🤖 AI Summary
In multi-agent reinforcement learning (MARL), independent policy gradient methods suffer from suboptimal convergence due to joint sampling error—i.e., the deviation of the empirical joint action distribution from the true joint policy distribution caused by independent action sampling over finite trajectories. This error stems from uncoordinated action selection across agents. To address it, we propose MA-PROPS: a method that introduces an adaptive centralized behavioral policy to dynamically identify and compensate for under-sampled joint actions, coupled with joint action probability redistribution to enable robust on-policy sampling. Crucially, MA-PROPS does not rely on the centralized-training-with-decentralized-execution (CTDE) paradigm and supports fully decentralized deployment. Experiments on cooperative and non-conflicting multi-agent tasks demonstrate that MA-PROPS significantly reduces joint sampling error, improves convergence to optimal policies, and enhances training stability. The approach provides a theoretically grounded and empirically efficient pathway to robustify independent policy gradient methods.
📝 Abstract
Independent on-policy policy gradient algorithms are widely used for multi-agent reinforcement learning (MARL) in cooperative and no-conflict games, but they are known to converge suboptimally when each agent's policy gradient points toward a suboptimal equilibrium. In this work, we identify a subtler failure mode that arises extit{even when the expected policy gradients of all agents point toward an optimal solution.} After collecting a finite set of trajectories, stochasticity in independent action sampling can cause the joint data distribution to deviate from the expected joint on-policy distribution. This extit{sampling error} w.r.t. the joint on-policy distribution produces inaccurate gradient estimates that can lead agents to converge suboptimally. In this paper, we investigate if joint sampling error can be reduced through coordinated action selection and whether doing so improves the reliability of policy gradient learning in MARL. Toward this end, we introduce an adaptive action sampling approach to reduce joint sampling error.

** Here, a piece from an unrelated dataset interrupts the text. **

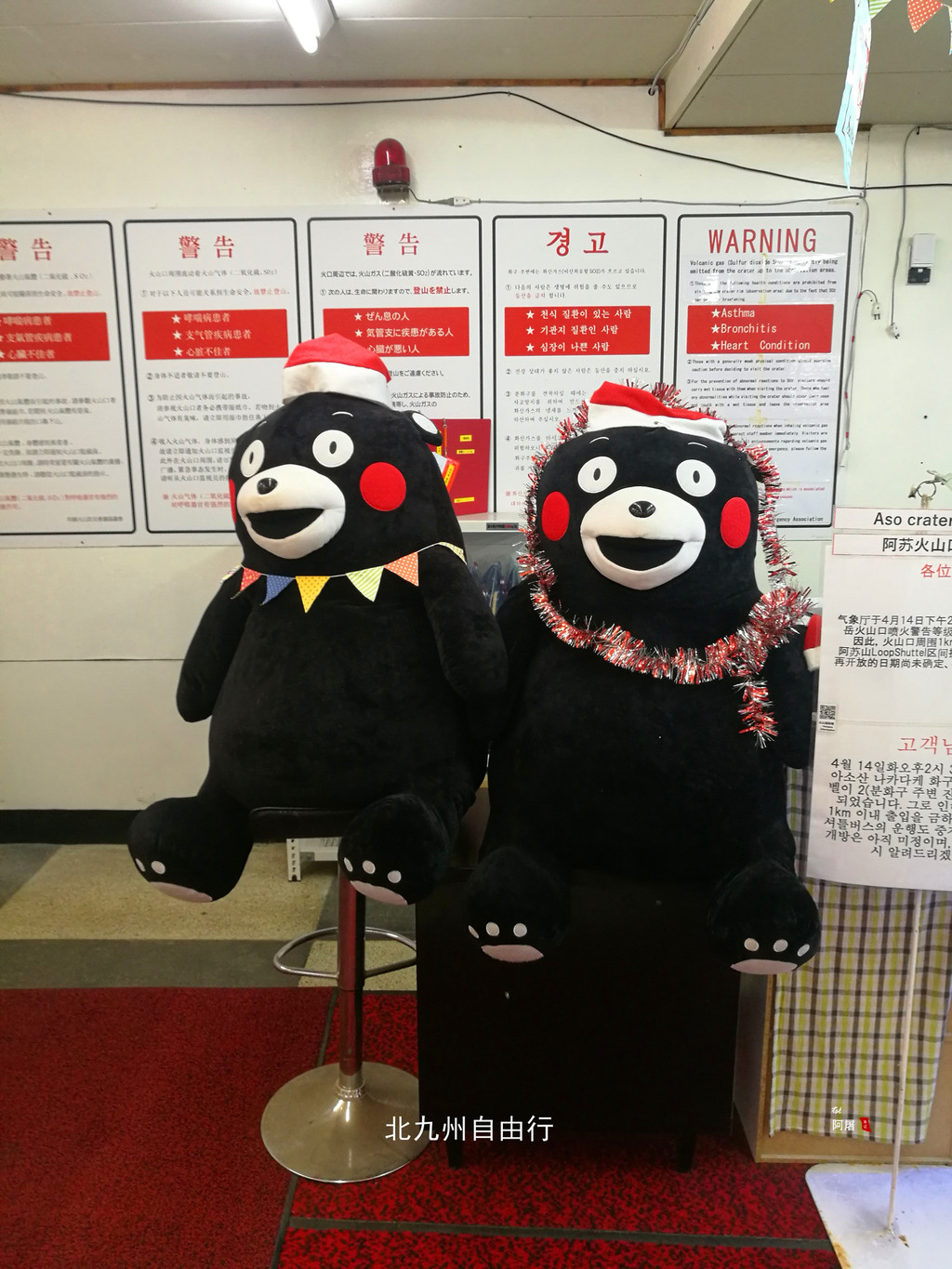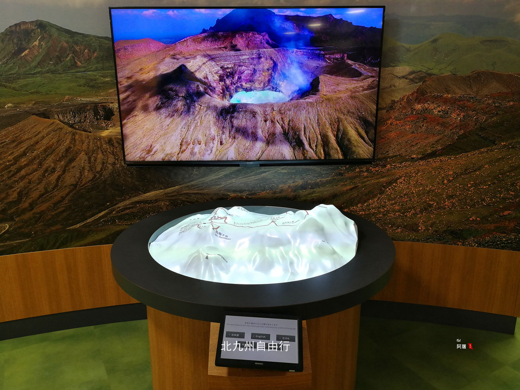 原车回到草千里(jiosaito)下车,雾还是很大。这里有阿苏火山博物馆,大厅可以免费参观,有阿苏火山相关的知识、视频介绍。入内参观门票是880円,65岁以上老人700円.没进去。

Our method, Multi-Agent Proximal Robust On-Policy Sampling (MA-PROPS), uses a centralized behavior policy that we continually adapt to place larger probability on joint actions that are currently under-sampled w.r.t. the current joint policy. We empirically evaluate MA-PROPS in a diverse range of multi-agent games and demonstrate that (1) MA-PROPS reduces joint sampling error more efficiently than standard on-policy sampling and (2) improves the reliability of independent policy gradient algorithms, increasing the fraction of training runs that converge to an optimal joint policy.